> [PROBLEM REQUIREMENTS]: Please copy, exactly and with no pictures, only the lines from the one containing "- cambridge |" through the last line of the records.
Top of MATERIAL SHOWN
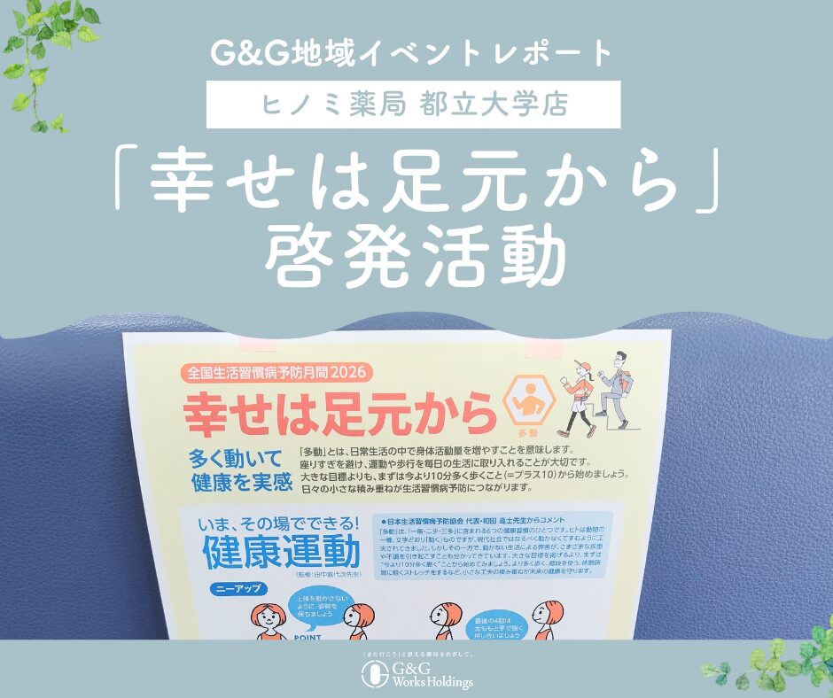 今後も、G&Gワークスホールディングスでは地域の皆さまの健康増進に貢献できるよう、引き続き努めてまいります。
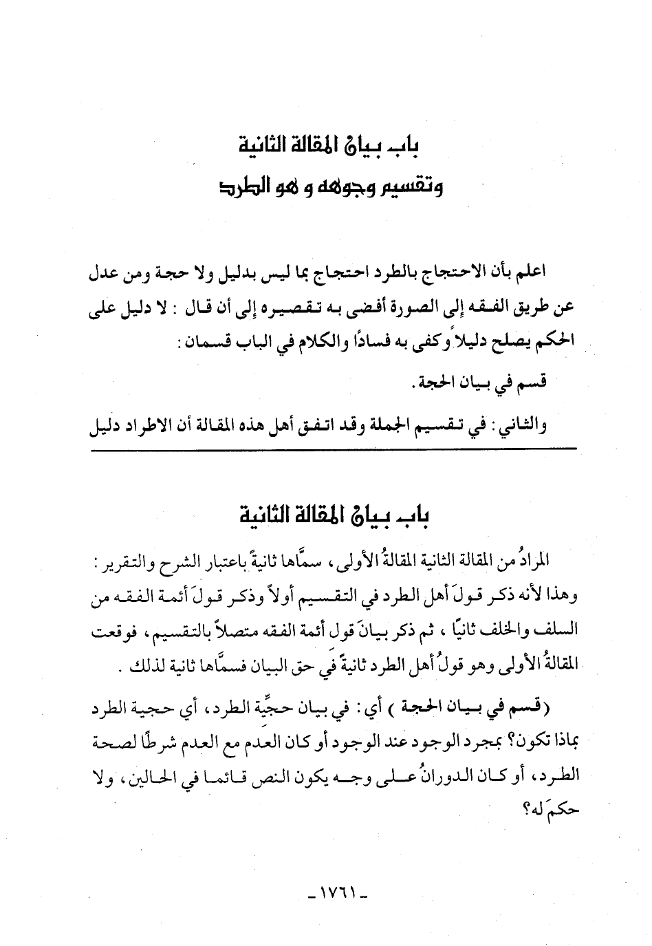 المراد من المقالة الثانية الأولى، سماها ثانية باعتبار الشرح والتقرير: وهذا لأنه ذكر قول أهل الطرد في التقسيم أولًا وذكر قول أئمة الفقه من السلف والخلف ثانيًا، ثم ذكر بيان قول أئمة الفقه متصلًا بالتقسيم، فوقعت المقالة الأولي وهو قول أهل الطرد ثانية في حق البيان فسماها ثانية لذلك.
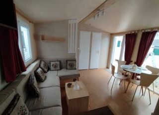 Mobilhome de ocasion, estilo frances, de 36m2 distribuido con un salon, cocina, dos dormitorios, baño , ducha y amueblada , con doble cristal climatizado en todas las ventanas con persiana Aire climatico en los dos dormitorios baño y salon Precio negociable
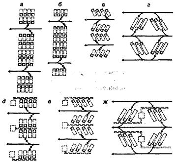 Рис. 3.16. Изменение площади проезда в зависимости от способа расстановки (Б, Б1 иБ2 – ширина проезда) С уменьшением угла расстановки увеличиваются площадь треугольника и длина проезда, в результате общая площадь, несмотря на сокращение ширины проезда, возрастает (рис. 3.16, б). При паркетной расстановке число треугольников уменьшается (рис. 3.16, в), благодаря чему по экономичности она занимает промежуточное значение между прямоугольной и косоугольной расстановками. Расстановка автомобиле – мест хранения на открытых площадках зависит от типа подвижного состава и наличия устройств для подогрева автомобилей в холодное время года (рис. 3.17). Схемы а – г предназначены для расстановки подвижного состава без устройств для подогрева автомобилей, схемы д – ж – с устройствами для подогрева. Расстановка по схемам а, б, д предназначена для хранения одиночных автомобилей и автобусов; по схемам в, е – для автопоездов в составе автомобиля – тягача с полуприцепами и сочлененных автобусов; по схемам г, ж – для автопоездов в составе автомобиля с одним или несколькими прицепами.
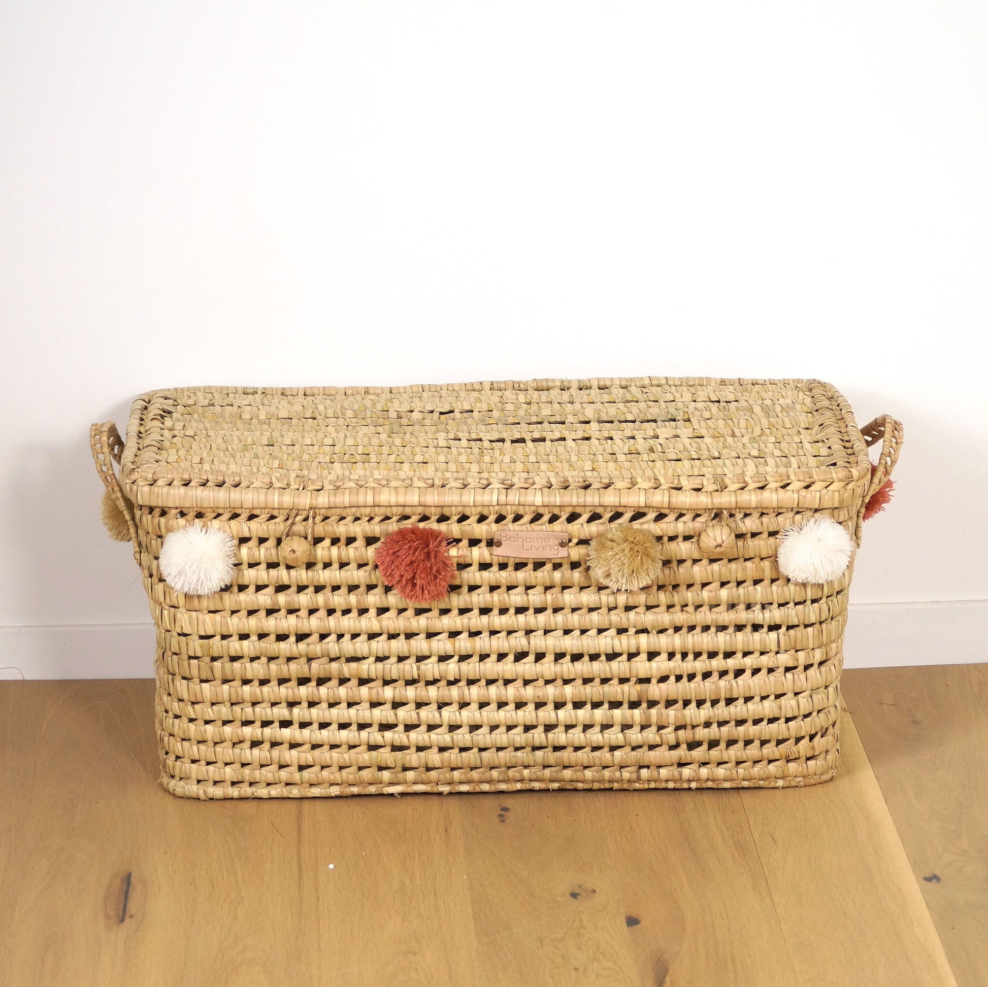 Transformez votre espace de vie avec notre élégante malle de rangement en feuilles de palmier de 80 cm, ornée de pompons. Idéale pour organiser les jouets des enfants et les objets du quotidien, cette malle artisanale marocaine allie esthétique naturelle et fonctionnalité.
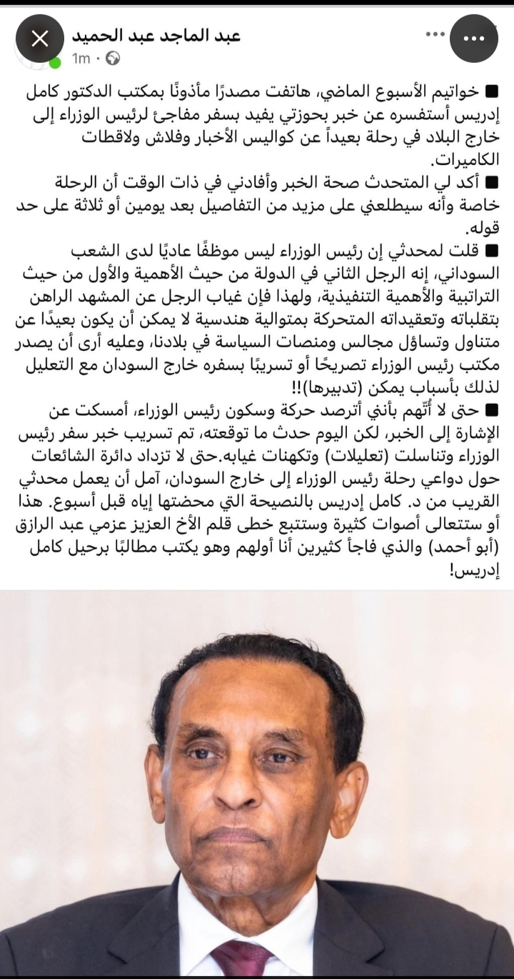 ترددت أنباء عن وجوده بسويسرا مستشفياً.. غياب رئيس الوزراء كامل إدريس عن المشهد يثير التكهنات. #سودانية24 | #بلد_في_شاشة وأخرون يقولون انه غاضب من البرهان لانه ليس عضوا في لجنة التفاوض مع صمود
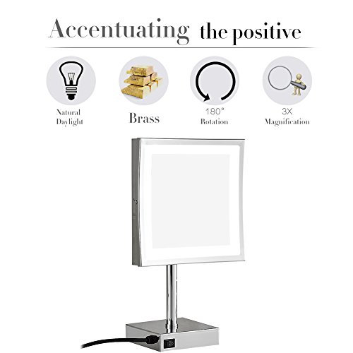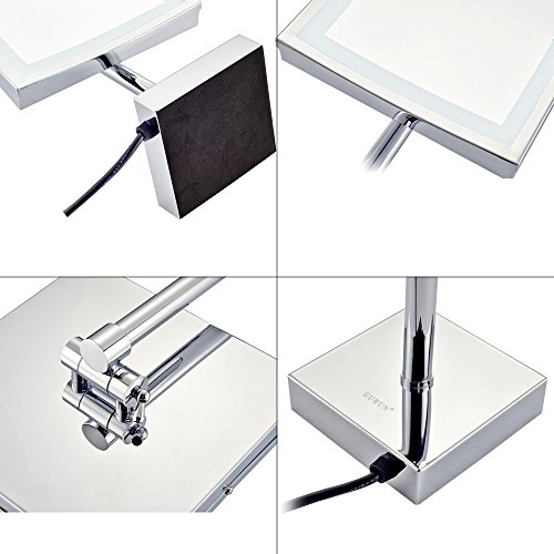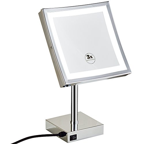 GURUN 8.5 inch Square Makeup Mirror with Lights Led 3x Magnification,Chrome Finish M2205D(8.5in,3)
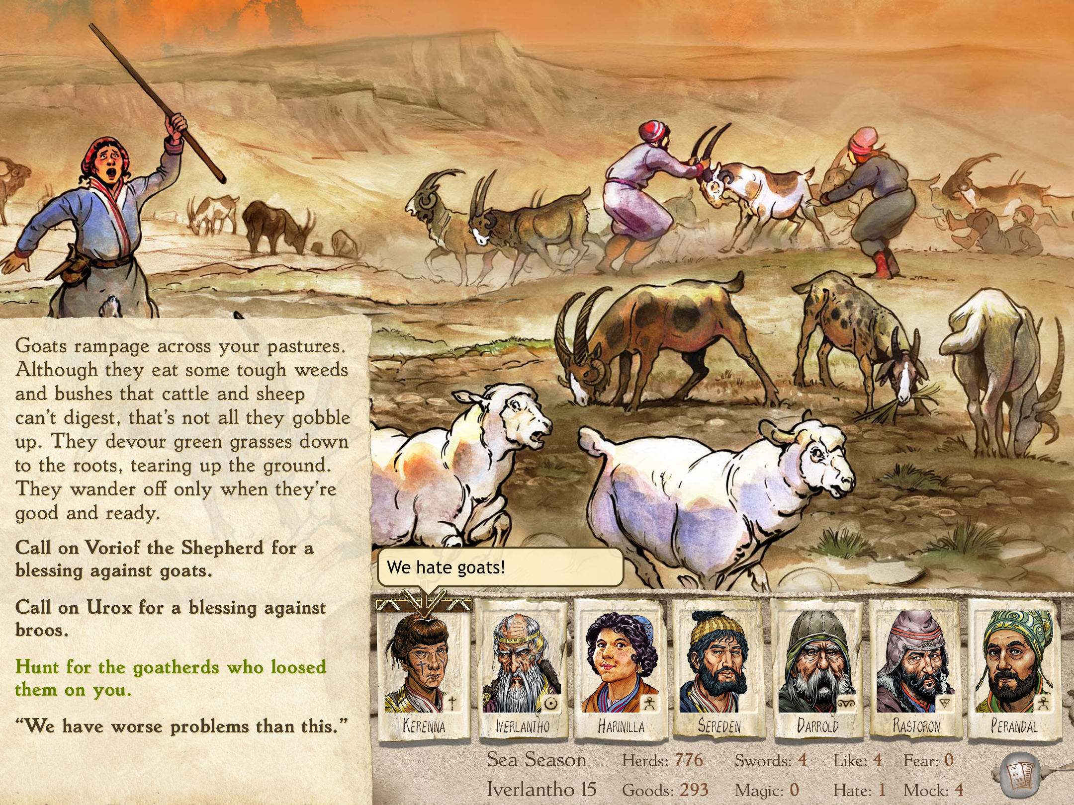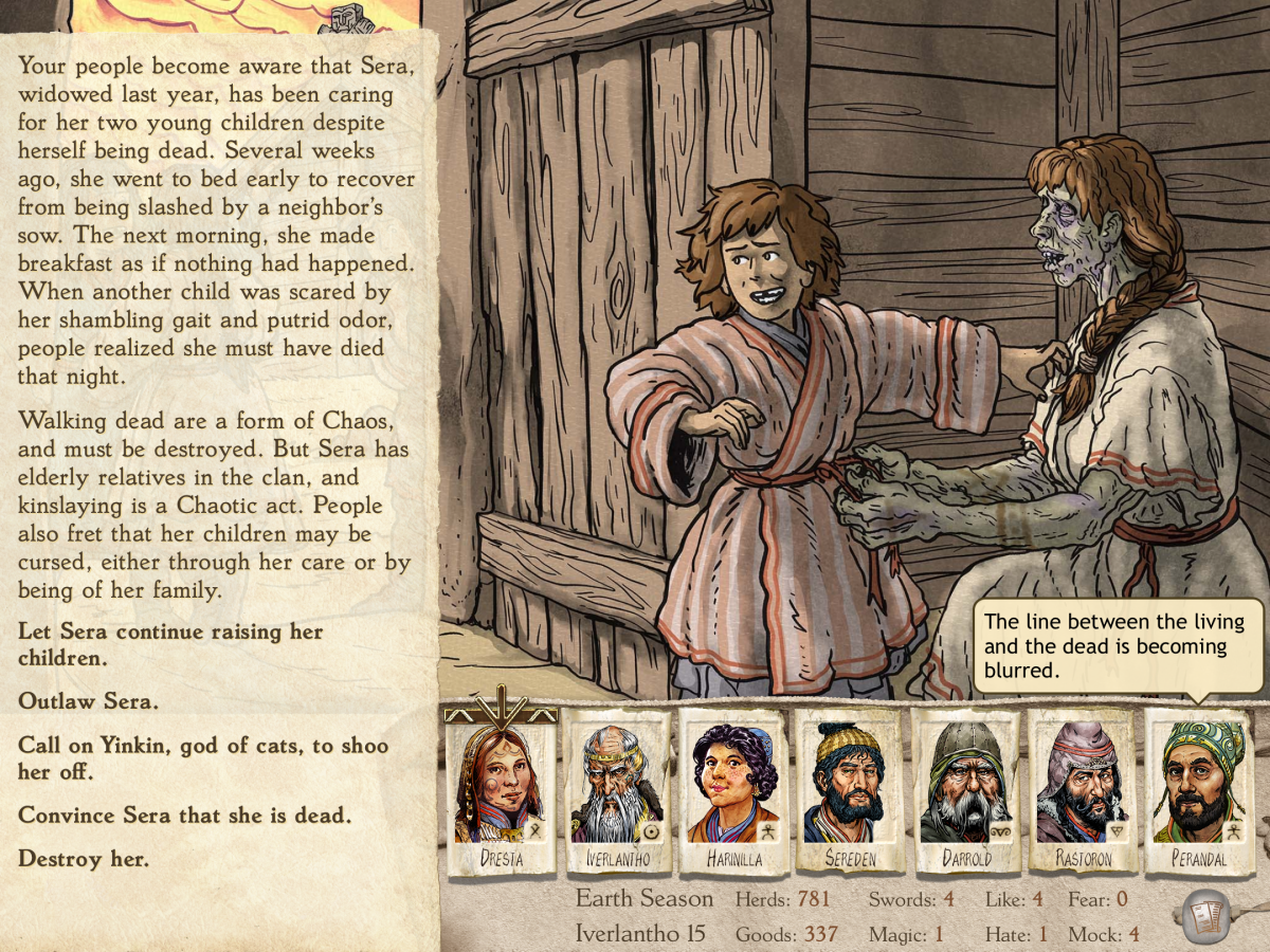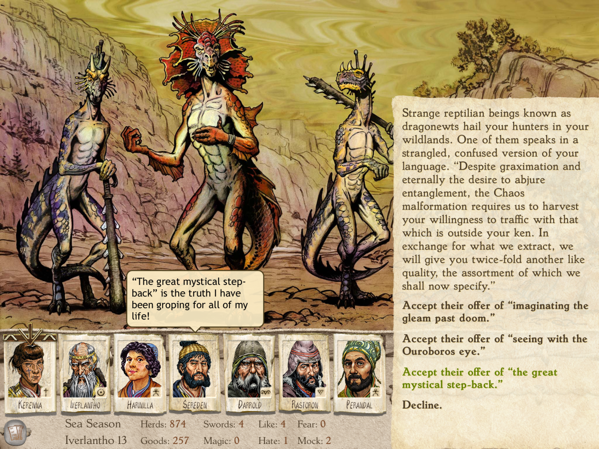 Especially since the scenarios you can face are so varied. Sometimes, they are dire. You can end up in what might feel like a no-win situation, depending on the people you’re interacting with and the side you might need to take. Some are incredibly funny, perhaps because of the advisors’ commentary. Learning the plural of the monster “walktapus” is “walktapi” from an Iverlantho comment delighted me. Also, I found Kerenna’s assertion that “we hate goats” really funny even though a number of chaos-afflicted animals were ruining our pastures and harassing our sheep. Especially since, as with
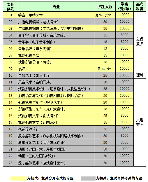 (2)表演专业:发音器官无疾病,五官端正;男生身高一般不低于1.75米;女生身高一般不低于1.62米。
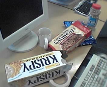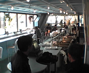 ![]() ![]() ![]() ![]() ![]() Here on the third floor of the Media Lab in the student area of the Physical Language Workshop, I'm relaxing on a big leather couch by the iMac cluster video wall. The couch is surrounded by munchies which are no doubt fuel for many recent late-nighters. Carlos just walked me around the floor and showed me the Filterfresh machine. The students call this hell week because it's mid-term exam time, and they are preparing demos for the lab's corporate and institutional sponsors' open house. Next, the team has to rearrange the computer desks to accomodate tomorrow's visitors. - mike lee - cambridge |
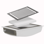 - De vorm van het rooster is vierkant. Hierdoor is het stof oppervlak groter dan bij een rond filter. Het rooster zit d.m.v. magneten vast. Door het rooster los te halen kom je gemakkelijk bij het filter. Het gat in de tafel is 26cm x 19cm.
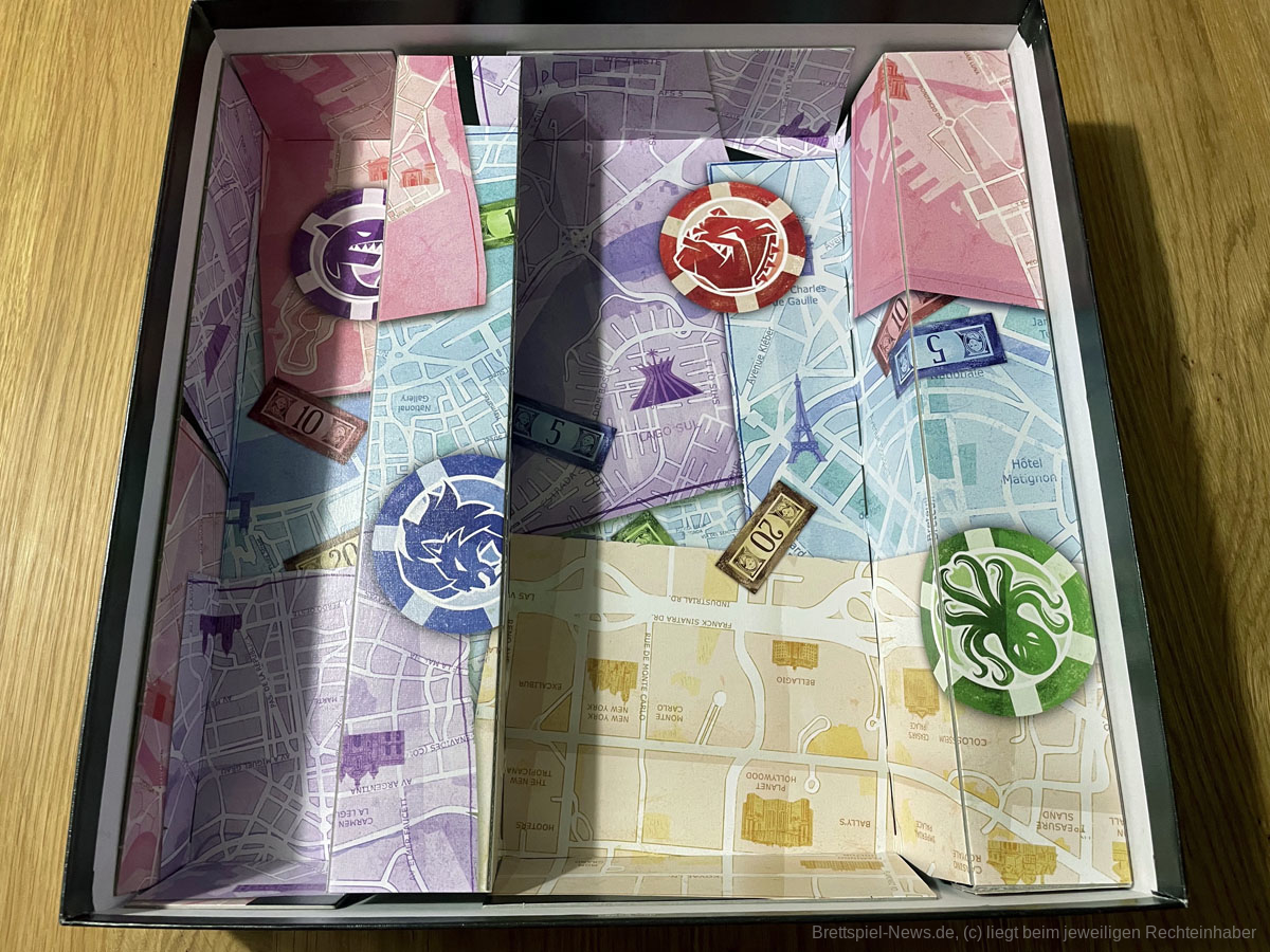In der Box befindet sich ein farblich passendes Inlay, welches bei der Aufbewahrung des Spielmaterials leider eher stört als hilft.
Bottom of MATERIAL SHOWN
> [ANSWER TO THIS EXERCISE]:
 ![]() ![]() ![]() ![]() ![]() Here on the third floor of the Media Lab in the student area of the Physical Language Workshop, I'm relaxing on a big leather couch by the iMac cluster video wall. The couch is surrounded by munchies which are no doubt fuel for many recent late-nighters. Carlos just walked me around the floor and showed me the Filterfresh machine. The students call this hell week because it's mid-term exam time, and they are preparing demos for the lab's corporate and institutional sponsors' open house. Next, the team has to rearrange the computer desks to accomodate tomorrow's visitors. - mike lee - cambridge |
 - De vorm van het rooster is vierkant. Hierdoor is het stof oppervlak groter dan bij een rond filter. Het rooster zit d.m.v. magneten vast. Door het rooster los te halen kom je gemakkelijk bij het filter. Het gat in de tafel is 26cm x 19cm.
In der Box befindet sich ein farblich passendes Inlay, welches bei der Aufbewahrung des Spielmaterials leider eher stört als hilft.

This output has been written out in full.